Keep commits focused. Imperative mood, reference the recipe or prompt in the subject line:

Add Claude CVE-triage skill with transitive-dep guardrails

Closes #42.
git add content/...
git commit
git push origin prompt/claude/cve-triage

6. Open a PR against main

Open a pull request from your branch to stevologic/security-recipes.ai:main. The PR template prompts for the four things reviewers check:

  • What the recipe or prompt does
  • Why it belongs here (not a personal wiki)
  • Where it’s been running in production (team + service)
  • Known limits — honest failure modes, not a pitch

7. Address review and merge

Squash-merge is the default.
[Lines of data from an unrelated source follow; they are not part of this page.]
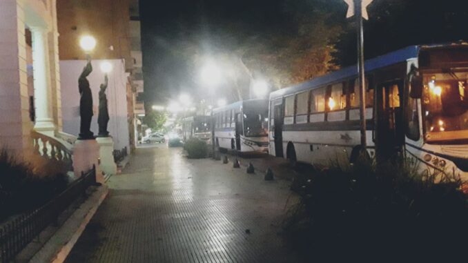 En ese marco este martes continuaba la concentración de los trabajadores de la firma en la Plaza Colón, precisamente en la glorieta que está justo en frente a la entrada del Palacio Municipal. En tanto tres micros están estacionados en esa cuadra de la calle San Martín entre Mariano Moreno y Colón interrumpiendo el tránsito.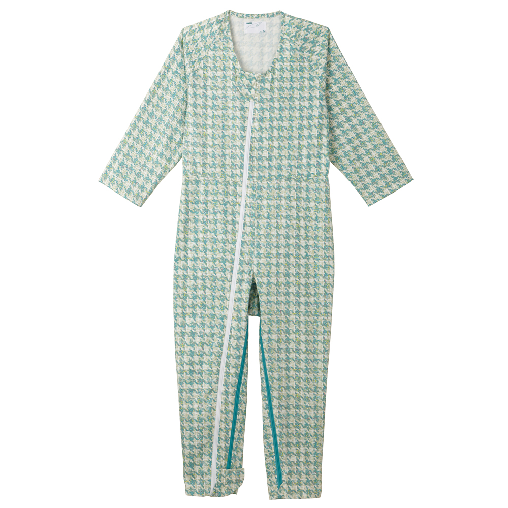 「コンビネーションII フルオープン型」は、オムツいじりなどの不都合な行為を予防する、つなぎタイプのねまきです。年間を通じてご利用いただけるオールシーズンタイプ。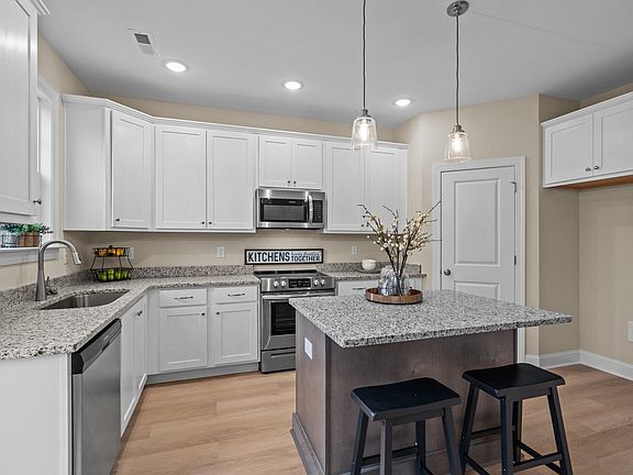 Custom Built w/Rocking Chair Front Porch! 1st Floor Flex Room! LVP Flooring & Blinds Throughout Main Living! Kitchen: Granite Ctops, Custom White Cabinets w/Crown Trim & Soft Close, SS Appls Incl Smooth Top Range, Blt-in MW & Refrigerator, Center Island w/Breakfast Bar & Barstool Seating, Acccent Pendants Lights, Corner Walk in Pantry & French Door to Rear Patio! Primary Suite: w/Plush Carpet & Decorative Ceiling Fan! Primary Bath w/Painted Dual Vanity, Walk in Shower w/Corner Seat & Spacious Walk in Closet w/Built ins! Open Concept Family Room for Entertaining! Oversized Bonus/Recreational Room! 2-Car Garage!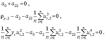 Это уравнение также линейно относительно коэффициента корреляции. Нетрудно заметить, что центрирование и нормирование для линейной регрессии позволяет понизить на единицу размерность системы уравнений, т.е. упростить решение задачи определения коэффициентов, а самим коэффициентам придать ясный смысл. Применение МНК для нелинейных функций практически ничем не отличается от рассмотренной схемы (только коэффициент a 0 в исходном уравнении не равен нулю). Например, пусть необходимо определить коэффициенты параболической регрессии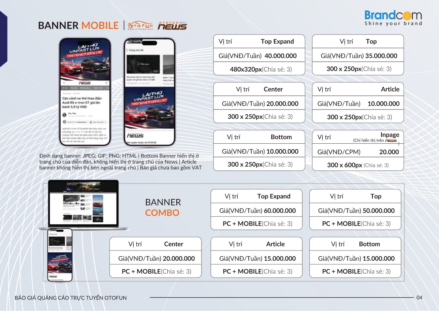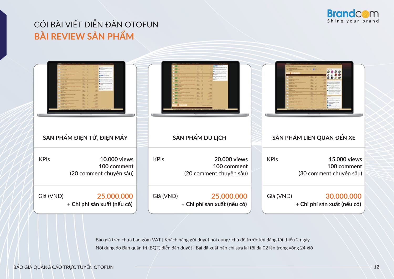 3. Bảng giá quảng cáo trên Otofun năm 2026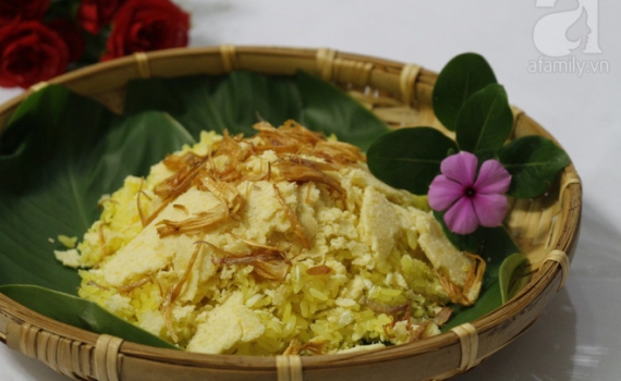Xới xôi ra đĩa sau đó dùng dao gọt đậu xanh lên trên xôi, rắc thêm hành phi và rưới 1 chút mỡ lợn để món xôi được béo ngậy và thơm ngon hơn.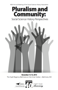 The 40th annual meeting of SSHA took place in Baltimore this weekend. The Social Science History Association is an especially rewarding academic meeting for scholars interested in the intersection between historical processes and social scientific research tools and explanations. The rationale for the organization is to provide a venue for bringing together the study of specific historical topics and the use of tools and methods of the social sciences to further understand those episodes. History and social science methods mutually inform one another at the SSHA. The membership is highly interdisciplinary — in fact, interdisciplinarity is the theme for the 2016 meeting in Chicago — and every meeting offers a chance for participants to discover new research and new theories that are relevant to their own areas of work. The overall theme for the conference was “Pluralism and Community”, and a significant number of panels did indeed strive to shed new light on these topics.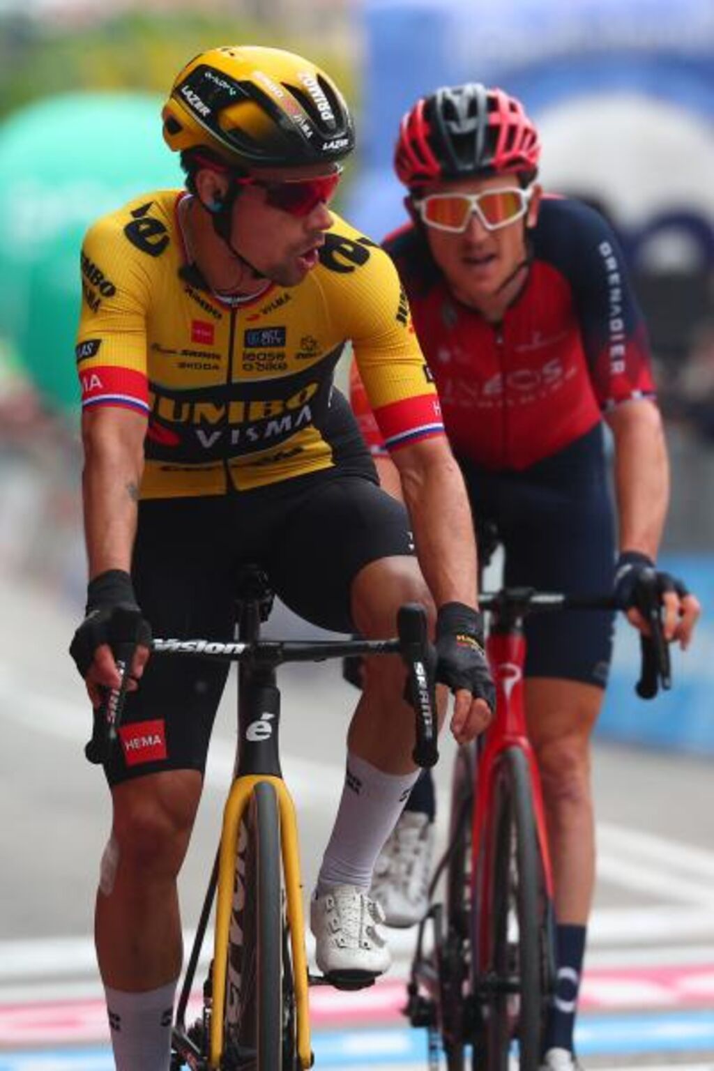 Pire, il a fini par être lâché aussi par les deux coureurs britanniques d'Ineos, Tao Geoghegan Hart et Geraint Thomas, qui ont rejoint Roglic dans la descente vers Fossombrone où le trio a franchi la ligne avec 14 secondes d'avance sur le petit groupe d'Evenepoel et de Joao Almeida.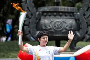 (250726) -- CHENGDU, 26 julio, 2025 (Xinhua) -- La portadora de la antorcha, Zhang Juanjuan, sostiene la antorcha durante el...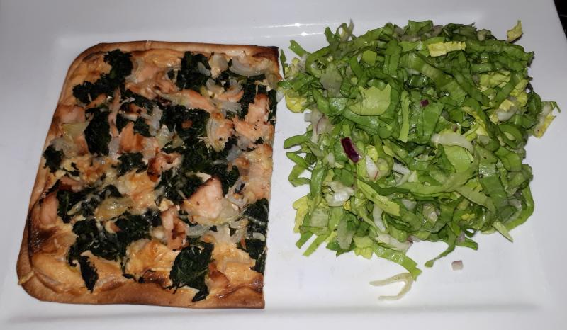 Flammkuchen mit Spinat, Zwiebeln und Lachs, Endiviensalat
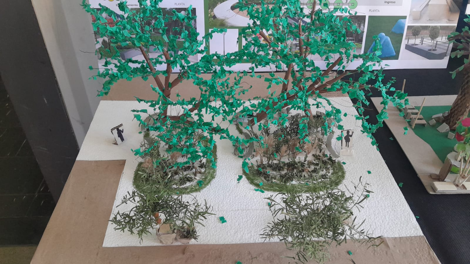 Proyecto 3: propone reemplazar el olmo siberiano por un árbol autóctono y mantener la circulación principal y agregar circulaciones secundarias más sectores de permanencia y contemplación. Además, la creación de nuevas caminerías con bancos de madera y una fuente. En otro sector, una larga mesa con bancos para estudiar o comer.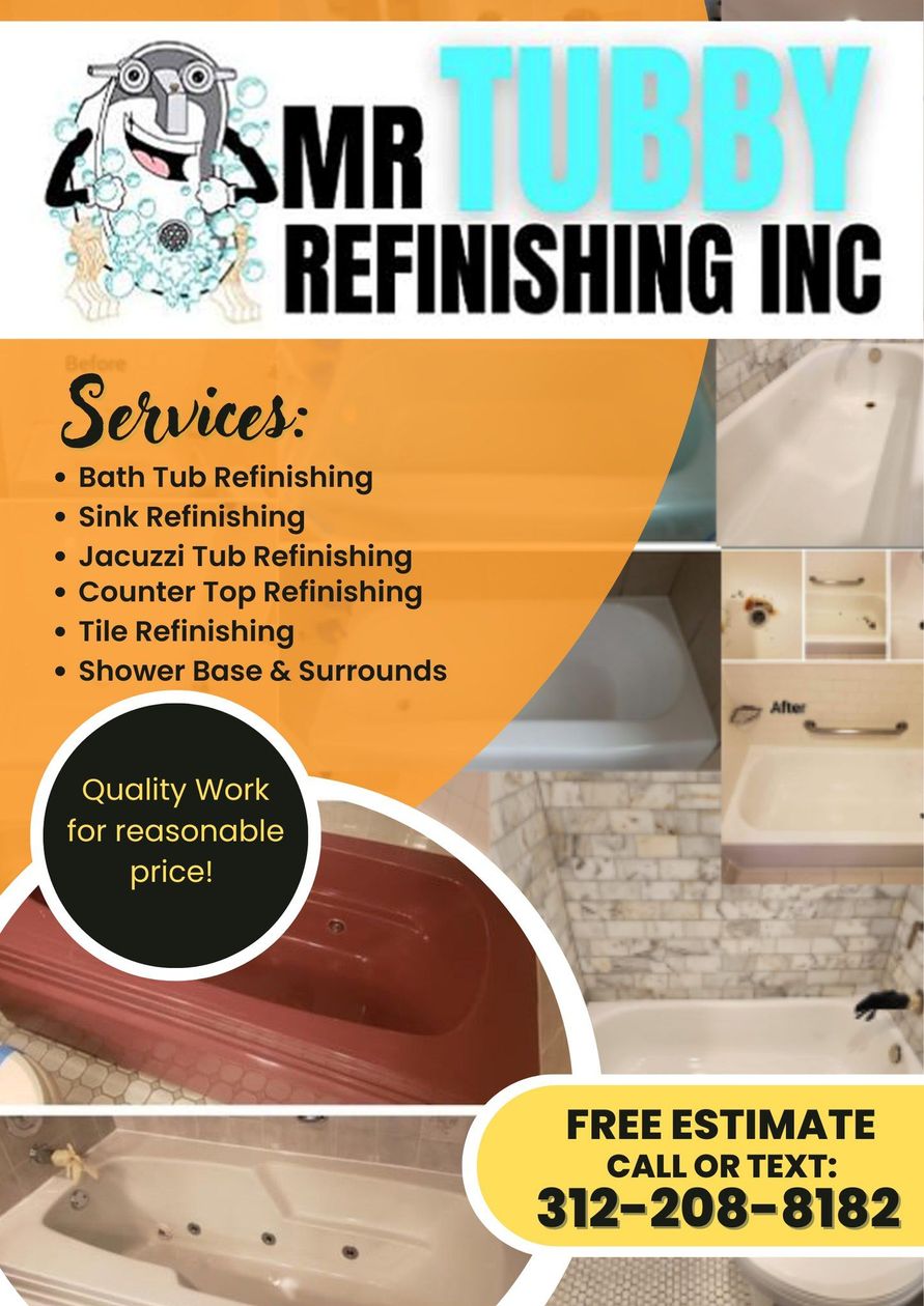 At Mr. Tubby Refinishing Inc, we professionally refinish and reglaze bathtubs, showers, tile, and sinks. Our refinishing process restores worn, stained, or outdated surfaces with a smooth, durable finish that looks like new without the cost, mess, or demolition of a full replacement.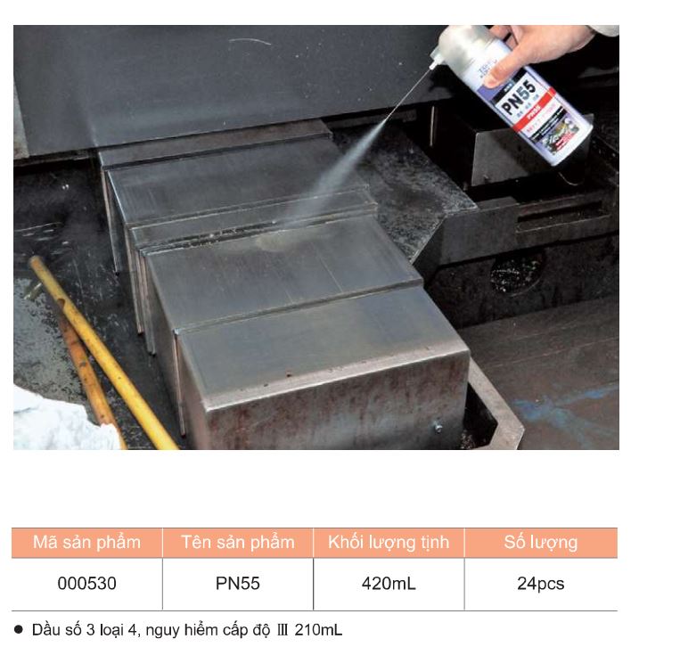 Chống gỉ sét PN55 000530 bôi trơn, chống gỉ sét cho các chi tiết kim loại hoạt động lâu ngày bị oxy hóa. Sản phẩm không chứa dầu silicoln nên lớp màng chống gỉ bám dính chặt tăng hiệu quả bảo vệ được lâu dài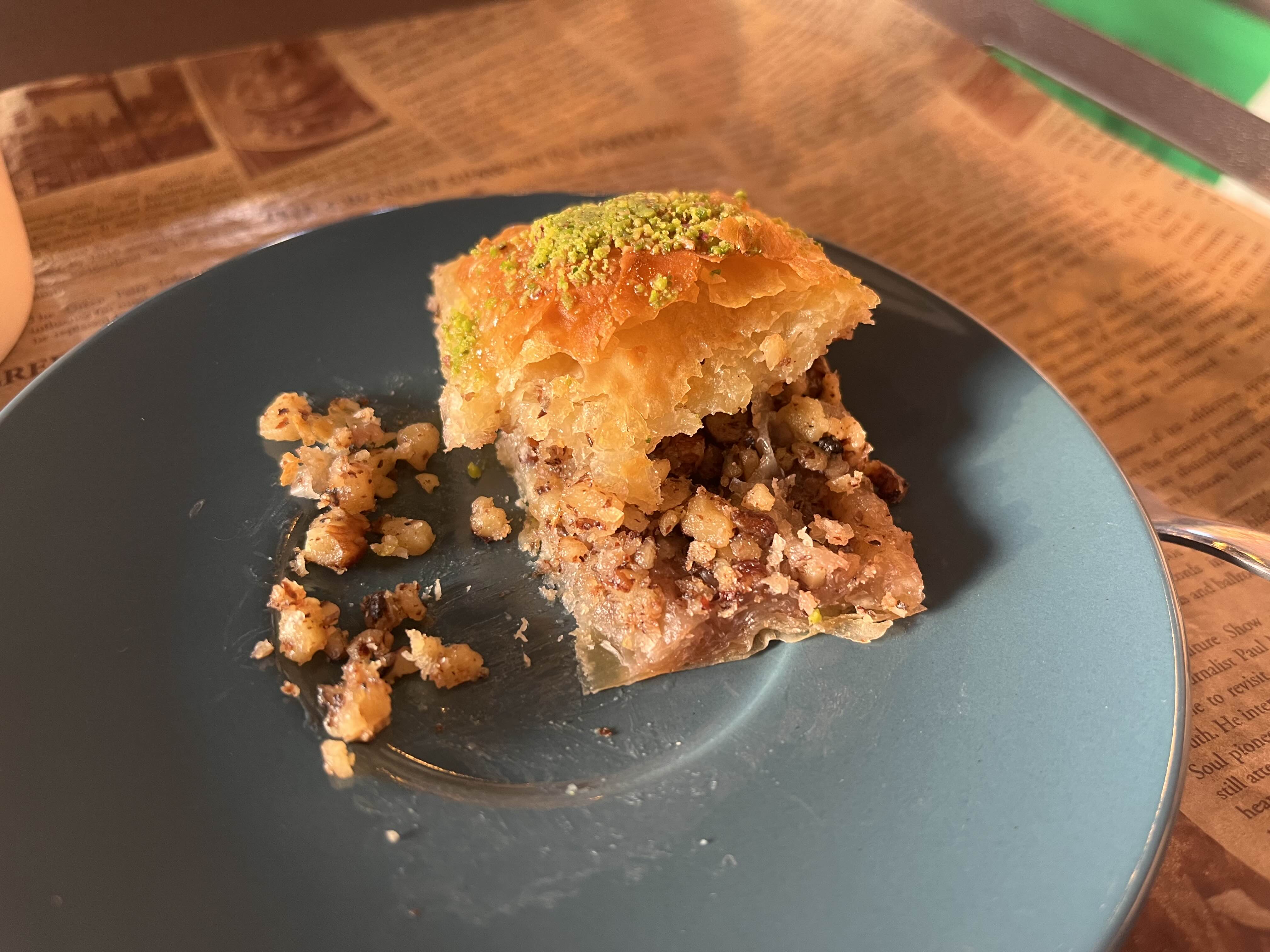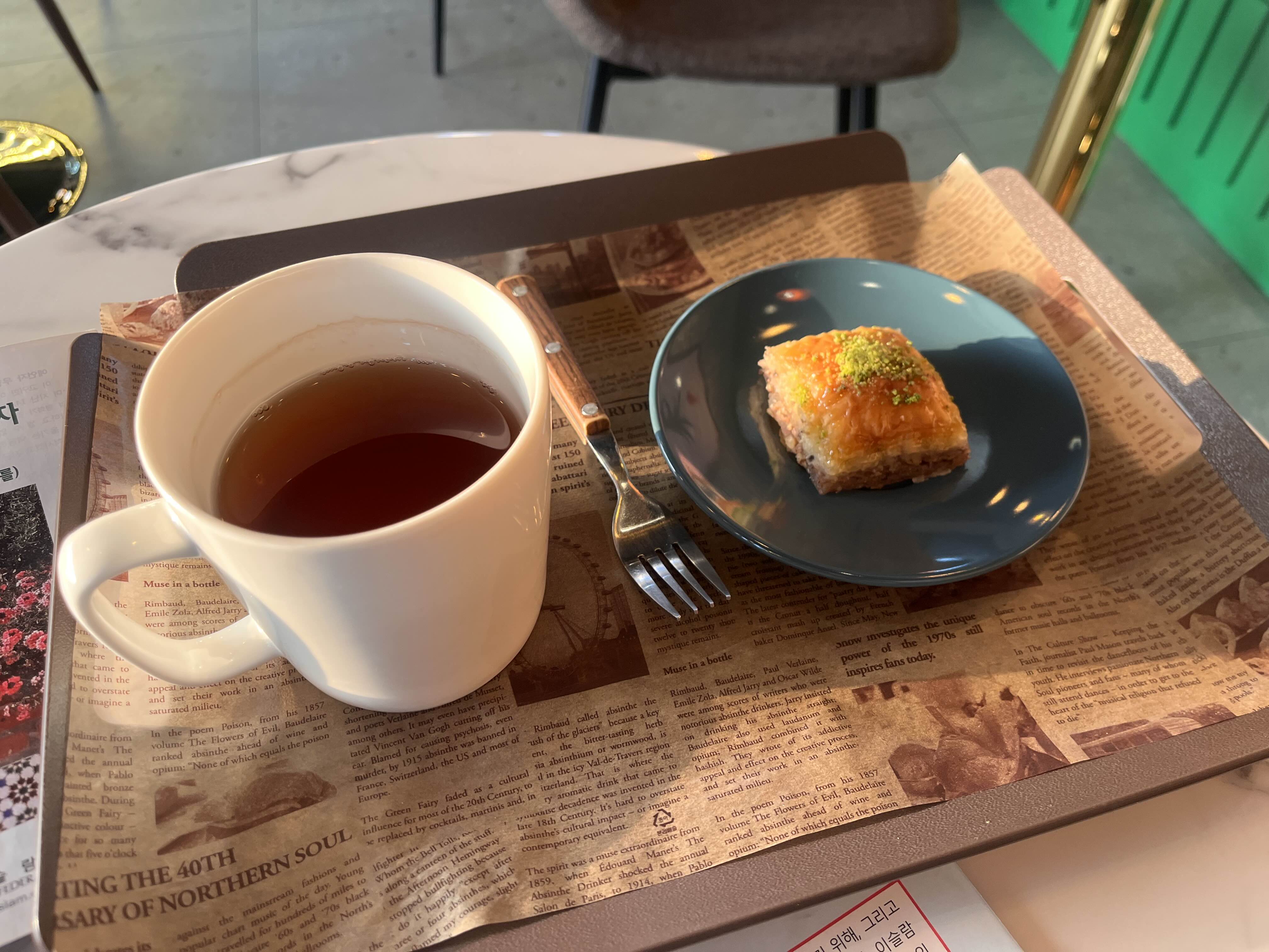 근데 그래서인지 홍차랑 참 잘 어울렸어요! 식감도 재밌고 다음에 또 바클라바 파는 곳이 있으면 사먹을 거 같아요.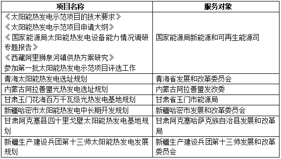 作為我國電力規劃設計行業的“國家隊”,電規總院也為國家和地方政府提供多項光熱發電行業方面的咨詢工作(詳見下表)。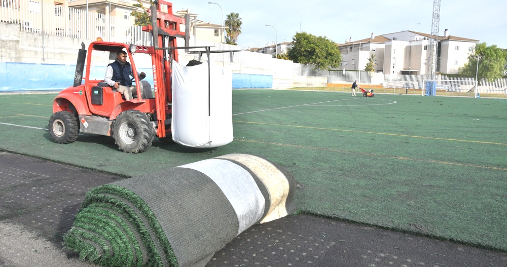 El Ayuntamiento de Tomares está cambiado el viejo césped del Estadio Municipal José Moreno “Pepillo”, donde juegan y entrenan los jugadores de la Escuela y de los equipos del Camino Viejo CF por uno nuevo del última generación homologado por la FIFA que permita a los usuarios jugar al fútbol en las mejores condiciones posibles.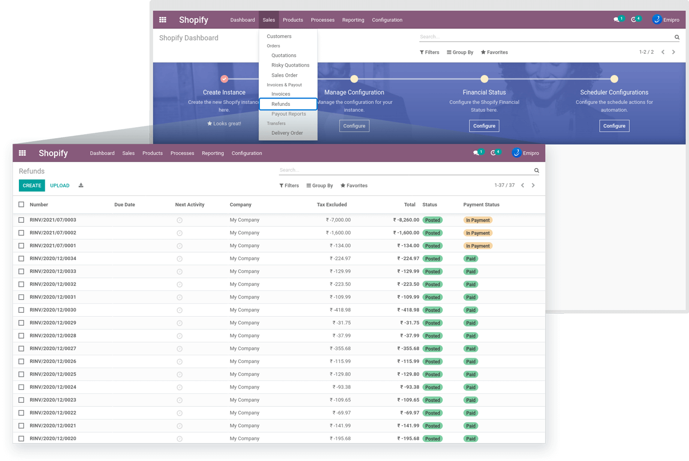 Navigate to Shopify / Invoice Details / Refunds and you will see all the refund orders of Shopify.
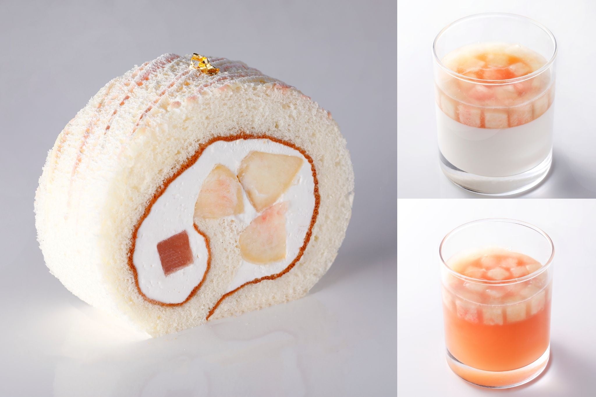 玄米を食べて育った鶏による「玄米卵」を使用したロール生地に、九州大牟田産生クリームとピーチ寒天、桃の果肉をふんわりと包み込み、桃の優しい甘みと酸味を感じられる『ピーチロール』、岩手県産の岩泉(いわいずみ)ヨーグルトを使用したゼリーに、桃の果肉とピーチゼリーをトッピングした爽やかな『岩泉ヨーグルトゼリー(ピーチ)』、国産桃の果肉とピーチ葛ソースをトッピングし、フランボワーズの酸味を隠し味に、桃の甘さを引き立たせた『ピーチゼリー』といったテイクアウトスイーツも登場中。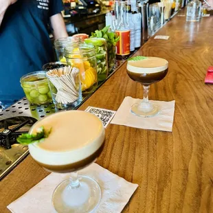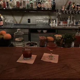 a cocktail and a drink on a table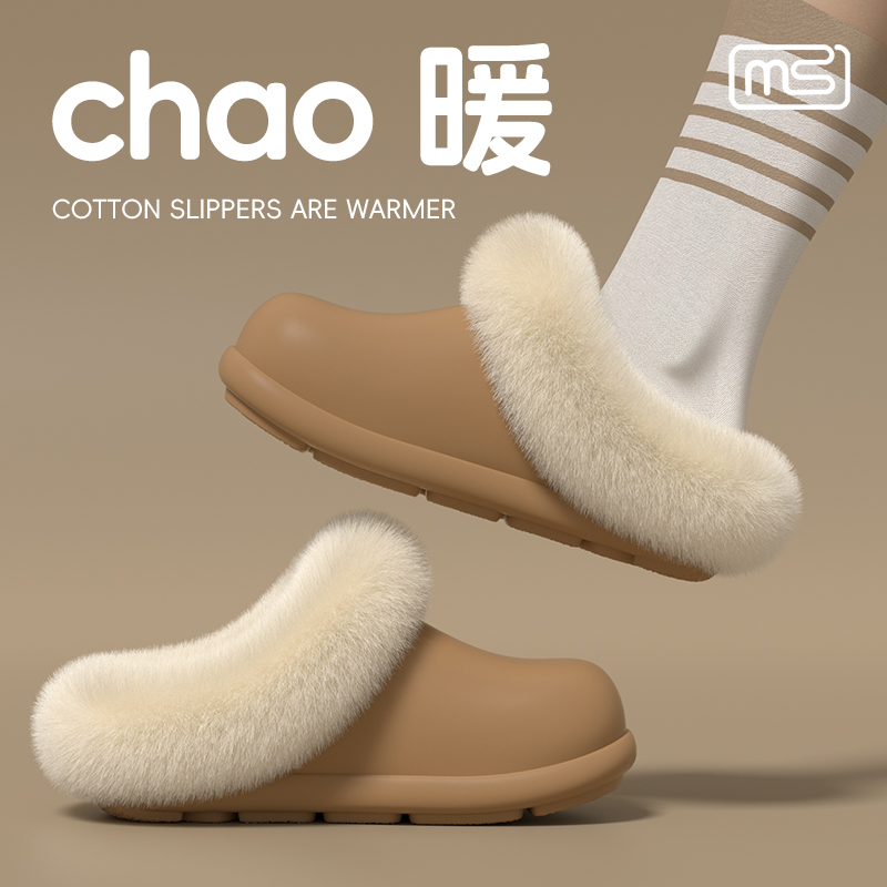 奈货两穿可拆卸棉拖鞋 男女居家户外两穿加绒防滑保暖加厚毛拖

Once merged, the GH Actions pipeline builds the site and publishes gh-pages in about a minute.

Keeping your fork in sync

Periodically:

git checkout main
git fetch upstream
git merge upstream/main
git push origin main

What you can contribute

Anything that makes agentic remediation more reliable, reviewable, or repeatable for the next team:

  • A new agent recipe — your content/<tool>/_index.md playbook.
  • An update to an existing recipe — new guardrails, new failure mode, new verification step.
  • A prompt, rules file, or skill — drop under content/prompt-library/<tool>/.
  • A CVE recipe prompt — drop under content/prompt-library/cve/ when a named CVE needs a specific remediation prompt.
  • A fix — broken link, wrong command, outdated screenshot.
  • An issue — file one if you spot something broken and don’t have time to fix it yourself; the template asks for repro steps.

Contributing marketplace integrations and workflow packs

The browser workbench marketplace is also contributed content.

If you are adding a new connector pack, report contract, or workflow bundle:

  • edit the matching site data file under data/marketplace/
  • keep the runtime state honest: live, live_or_copy, copy_only, config_only, or planned
  • document the auth shape, browser/CORS assumptions, and human-review expectation on a docs page
  • include an example target system and example scope so reviewers can validate the payload shape
  • validate browser-authored submission packets against the published schema files under static/marketplace-schemas/ or the generated /marketplace-schemas/*.json URLs before opening the PR

The marketplace files are split on purpose:

  • data/marketplace/input_channels.json - context and scanner intake
  • data/marketplace/output_channels.json - downstream delivery routes
  • data/marketplace/report_profiles.json - normalized output contracts
  • data/marketplace/workflow_templates.json - reusable bundles stitched from the above

For public discoverability, update the Marketplace and Workflow Gallery when your PR changes how a pack should be explained to operators.

The site build also emits public JSON feeds from the same source files, so downstream tooling can consume marketplace contracts without scraping the page UI. Keep the data files authoritative; do not hand-edit generated feed outputs elsewhere.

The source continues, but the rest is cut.